- Activity: When you reach the line that holds "Repas de midi", start copying exactly and keep going through the final line of the data, leaving out pictures.

- The data:

___

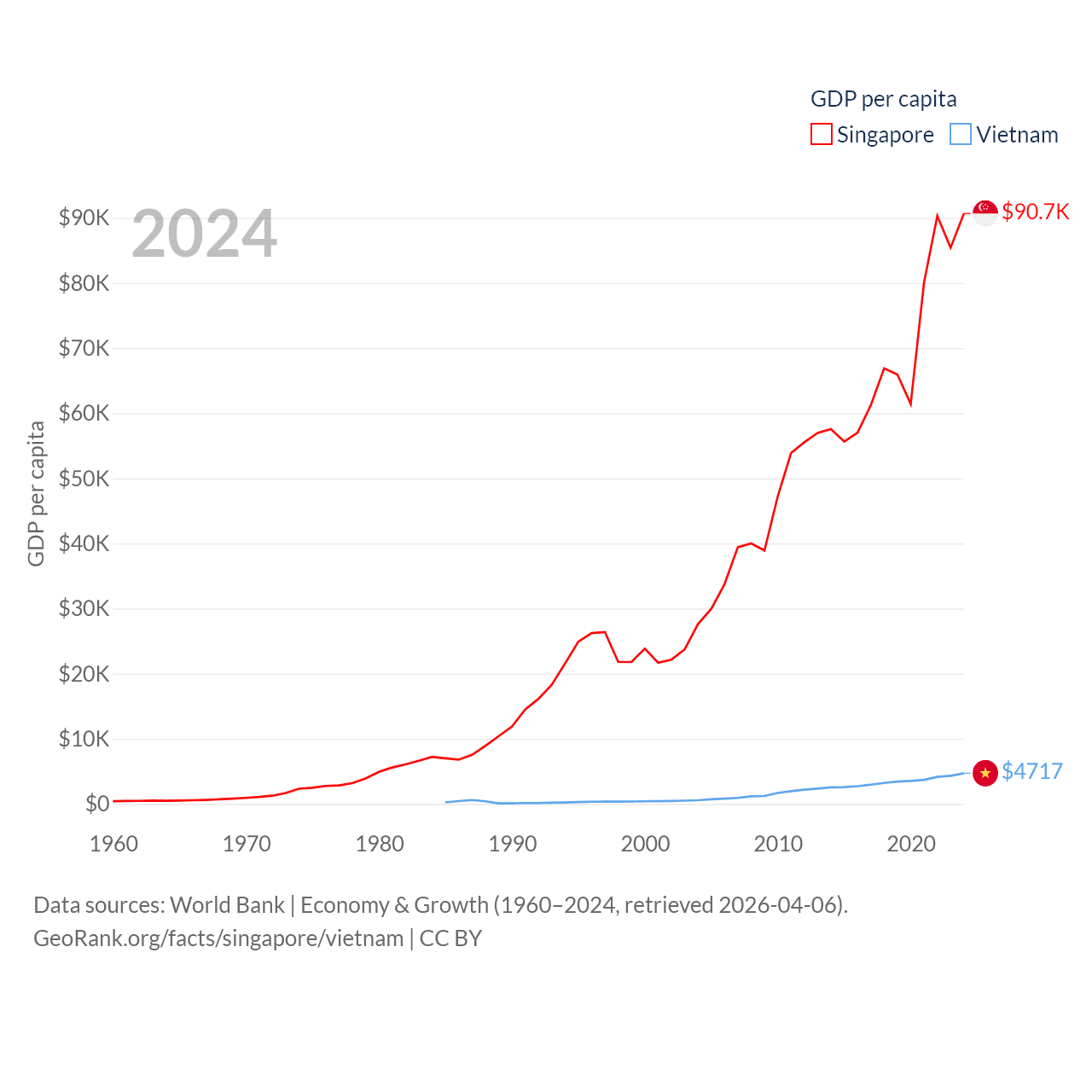 By GDP, Singapore ranks 28/197 ($547B) and Vietnam ranks 33/197 ($476B). By GDP per capita, Singapore ranks 7/197 ($90,674), while Vietnam ranks 122/197 ($4,717).
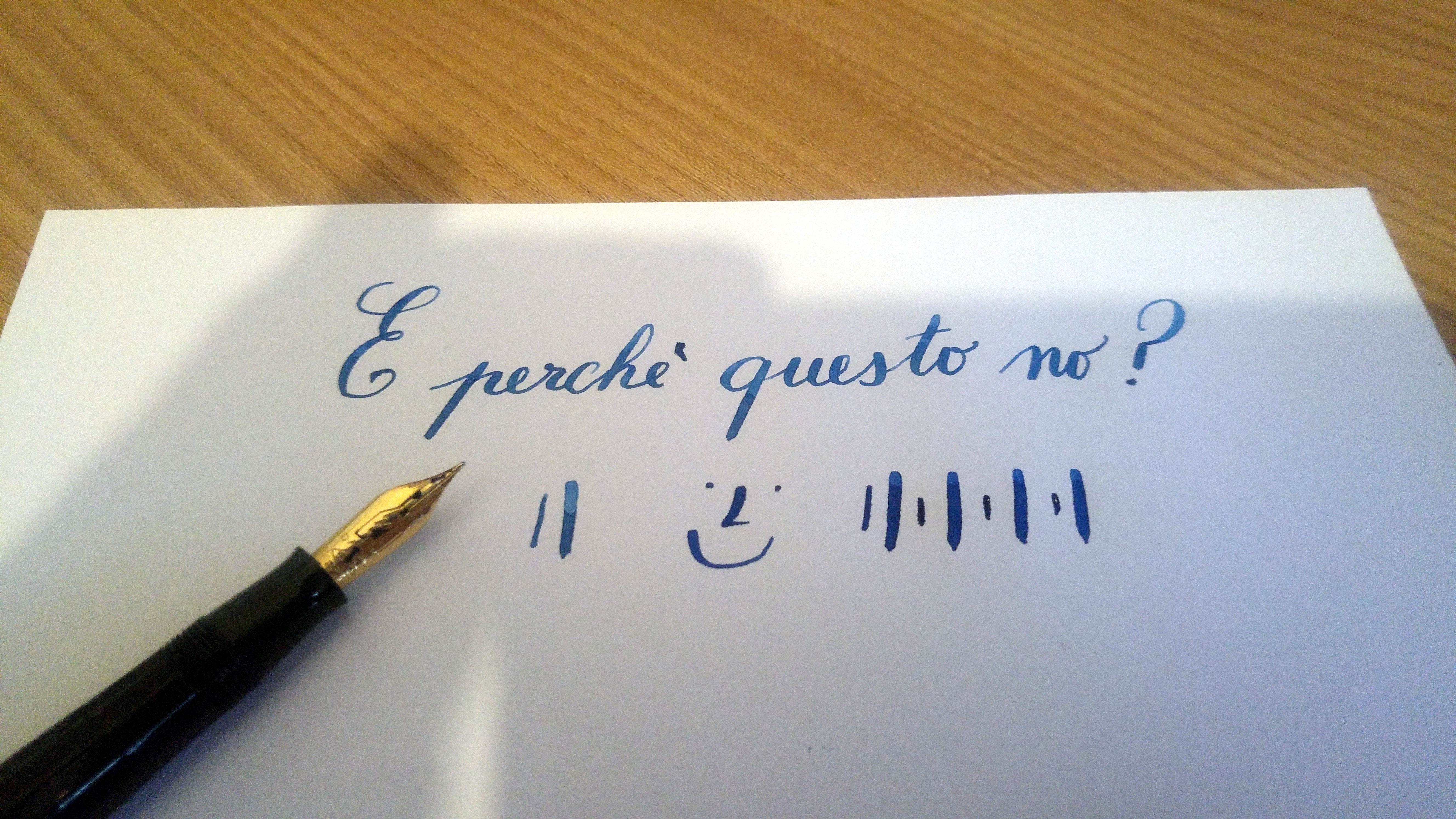 In ogni caso mi sono trovata bene con questa penna indiana... l'odore di resina sta svanendo, e il convertitore di serie che é un po' scranscio. Devo vedere come risolvere il problema della secchezza che di tanto in tanto mi fa fare dei binari, se dovuto all'inchiostro che sto usando o se devo darle una seconda pulita più a fondo.
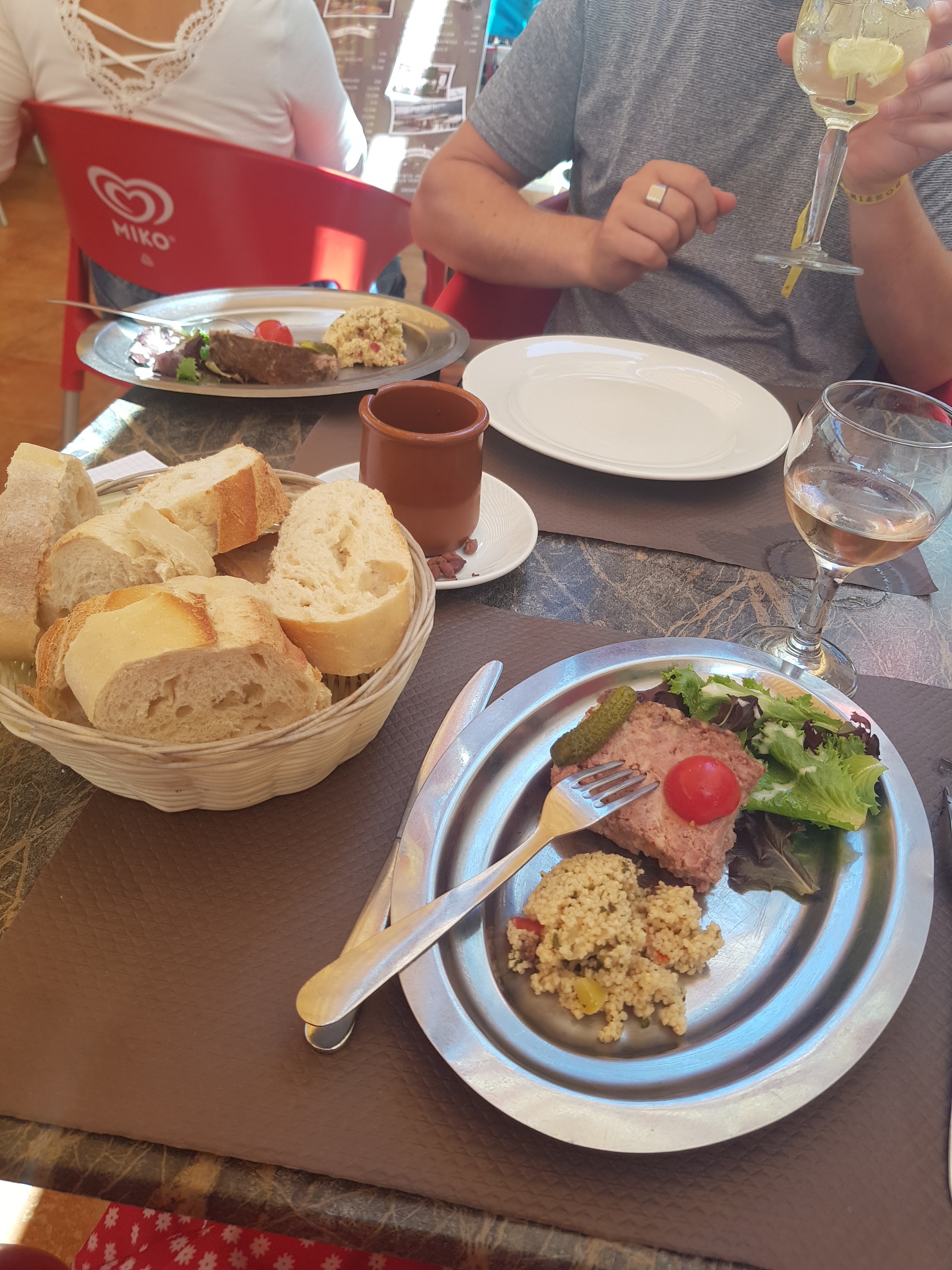 Repas de midi à 24 €. Terrine de sanglier : j'y crois pas, pas typée sauvage (car quand le sanglier c'est de l'élevage, autant appeler ça du porc) et des terrines de porc j'en ai mangé des meilleures. Lapin aux herbes avec une sauce épaisse de consistance industrielle, très lourde à digérer encore le soir à 19h! Avec cette sauce on ne sentait pas les herbes. J'aurais plutôt vu un lapin cuit au vin blanc avec des branches de thym, de romarin, plus parfumé. La tarte aux myrtilles était bonne.
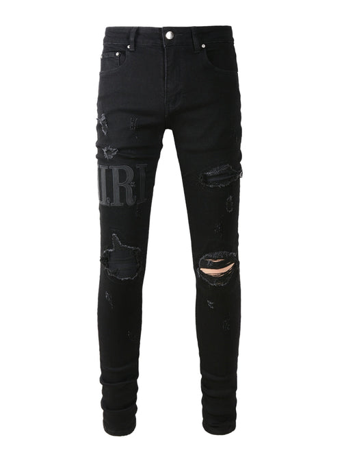 Black Writing Ripped Patch Jeans

___

- Response area:
 Repas de midi à 24 €. Terrine de sanglier : j'y crois pas, pas typée sauvage (car quand le sanglier c'est de l'élevage, autant appeler ça du porc) et des terrines de porc j'en ai mangé des meilleures. Lapin aux herbes avec une sauce épaisse de consistance industrielle, très lourde à digérer encore le soir à 19h! Avec cette sauce on ne sentait pas les herbes. J'aurais plutôt vu un lapin cuit au vin blanc avec des branches de thym, de romarin, plus parfumé. La tarte aux myrtilles était bonne.
 Black Writing Ripped Patch Jeans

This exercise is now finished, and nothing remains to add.